The Widow of Nain

Only Luke mentions the place known as Nain, located a day’s journey southwest of Capernaum. Nain means beauty. Though insignificant as a relatively small village, it is recorded in scripture for that glorious day when God visited His people there.

In seven short verses, Luke 7. 11-17, Luke gives us an orderly account, written with certainty of those things which took place, Luke 1. 3, 4. Therefore, we have confidence in taking to heart every word for the express purpose of communicating truth for our lives. We’ll look first at the miracle; then, the message.

The narrative opens with the Lord Jesus arriving at Nain. He was coming from Capernaum where He had healed a man, a servant of a Roman centurion who was commended by the Lord for his great faith. The Lord Jesus is accompanied by His disciples and a large crowd. We can imagine their enthusiasm, coming from the events in Capernaum, with joy in their hearts and a spring in their step.

As they approach the city to enter in at the gate, there is another large crowd that is going out of the city. It is a funeral procession for a young man, the only son of his mother, and she was a widow. In striking contrast to our Lord’s entourage, this procession was one of death and despair, weeping and wailing, engulfed with heartfelt sympathy for this poor widow now all alone. No husband, and now her son gone!

We watch in wonder at the sight before us as these two large crowds converge upon each other at the gate of the entrance into Nain and see this miracle unfold. We read, ‘When the Lord saw her, He had compassion on her and said to her, “Do not weep”’, 7. 13 NKJV. The Lord makes His way into the midst of the movement and, with the touch of His hand upon the coffin, everything comes to a stop. Stillness and silence replace the symphony of joy mingled with sorrow. They hear the words from His lips, ‘“Young man, I say to you, arise”’, v. 14 NKJV. And the young man sat up and began to speak.

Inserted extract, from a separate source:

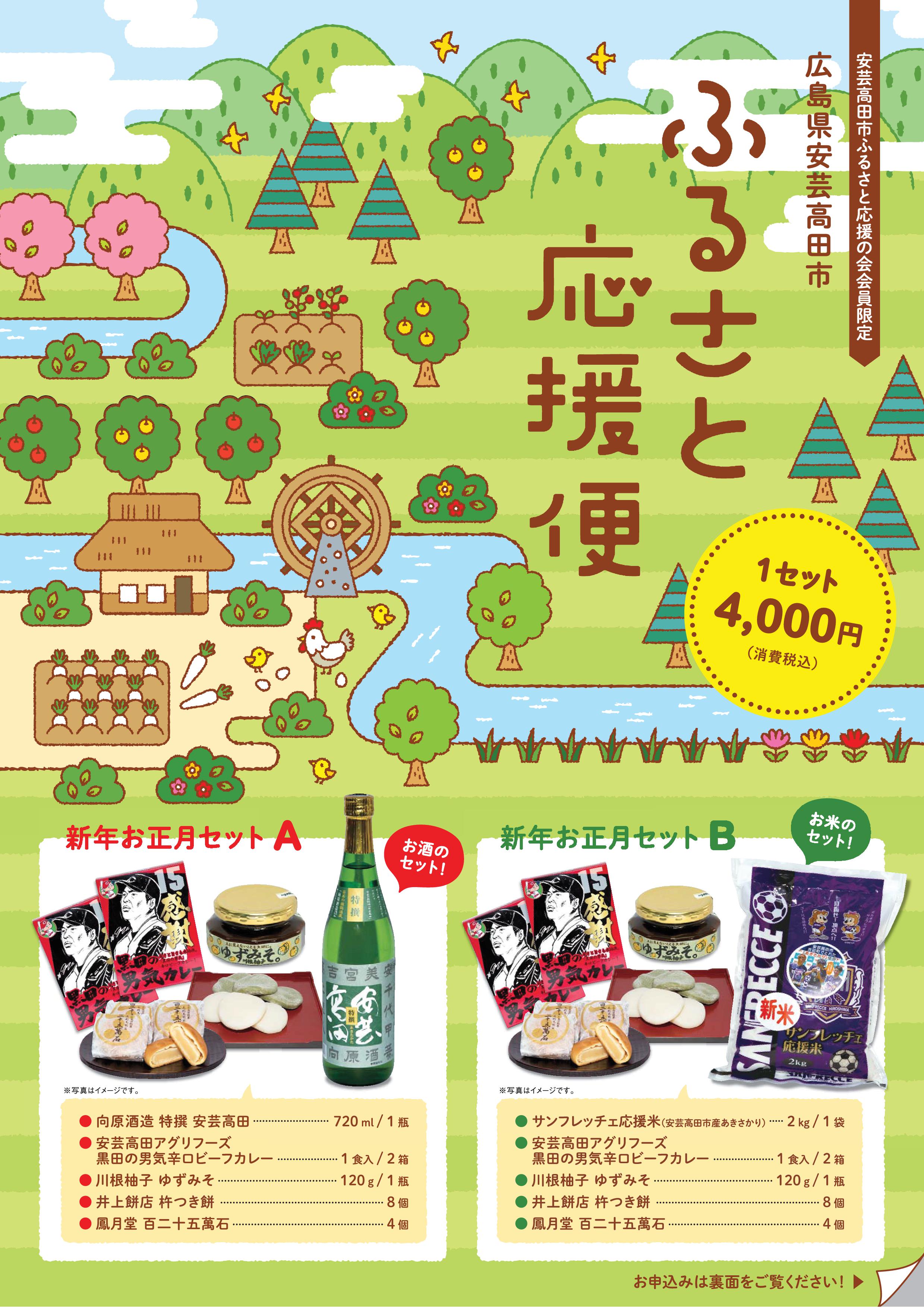 ふるさと安芸高田市を離れていらっしゃる会員の皆様に、安芸高田市外、広島県外のお知り合いの方に地元の味をとの思いで、お正月にあわせてふるさと安芸高田市の味を詰め込んだ「ふるさと応援便」をご用意いたしました。お正月に欠かせないおもちをはじめ、地元のお米・お酒や、おせち料理に飽きたら食べたいカレーなどをセットにしました。注文申込は下記添付の注文用紙を印刷して、必要事項をご記入いただき、FAXにてご注文ください。皆様からのご注文をお待ちしております。

We would like very much to know what the young man said, but his words are not included. However, Luke does include the fact that the Lord presents him to his mother. The reaction of the crowds, now blended as one, is that of fear that came upon them all and the words that glorified God saying, ‘a great prophet is risen up among us; and, That God hath visited his people’, v. 16.

This visitation of God is only noted here at Nain. It was foretold by Zacharias in Luke chapter 1 and warned prophetically from Olivet by the Lord Jesus in chapter 19. But in present, personal power, we read that God visited His people when the Lord worked this miracle at the beautiful, little village of Nain.

But there’s more to the miracle, for every miracle has a message. The message of the miracle conveys truths to which we all relate in life and should bring us to the same conclusion as it did the crowd that day.

First, some circumstances. They were on a journey, and we are too. We are on the journey of life that takes us all to the ultimate circumstance, death. We need not fear, for the Lord looks on us like He did on the widow of Nain, with compassion. We may have been surprised to hear His words, ‘Do not weep’, for we are told to weep with those who weep. Someone has observed that no one ever died in the presence of the Lord of life! It was true that day.

Secondly, some comparisons. There are two ‘only sons’. The Lord Jesus, the only begotten Son of God, and the lad, the only son of his mother. There are two large crowds. One crowd led by the Lord of life and the other crowd, a funeral procession. There are two directions, one coming in and the other going out. There are two experiences, one of joy and gladness, the other of sorrow and sadness.

Thirdly, there is a consideration. Everything culminates at one place, at the gate. This gate represents to us a decision between life and death. As life and death converge on each other, which will give way? Will life give way to death or will death give way to life? The Bible declares that ‘Death is swallowed up in victory [life]’, 1 Cor. 15. 54!

The wonderful message of this miracle is one of life. We read that the Lord Jesus presented the young man to his mother. The word, presented, is the same as the word translated ‘gave’ in John chapter 3 verse 16, ‘that he gave his only begotten Son’. The gift of God is eternal life, and it is freely given to all who believe.

Lastly, a conversation. The young man sat up and began to speak. Don’t you and I have something to talk about? We should be telling others how He touched our lives and brought us out of death and into life!

On that day when the Lord visited the little city of Nain, beauty, He gave beauty for ashes and the oil of joy for mourning, Isa. 61. 3. He can do that in our lives, too.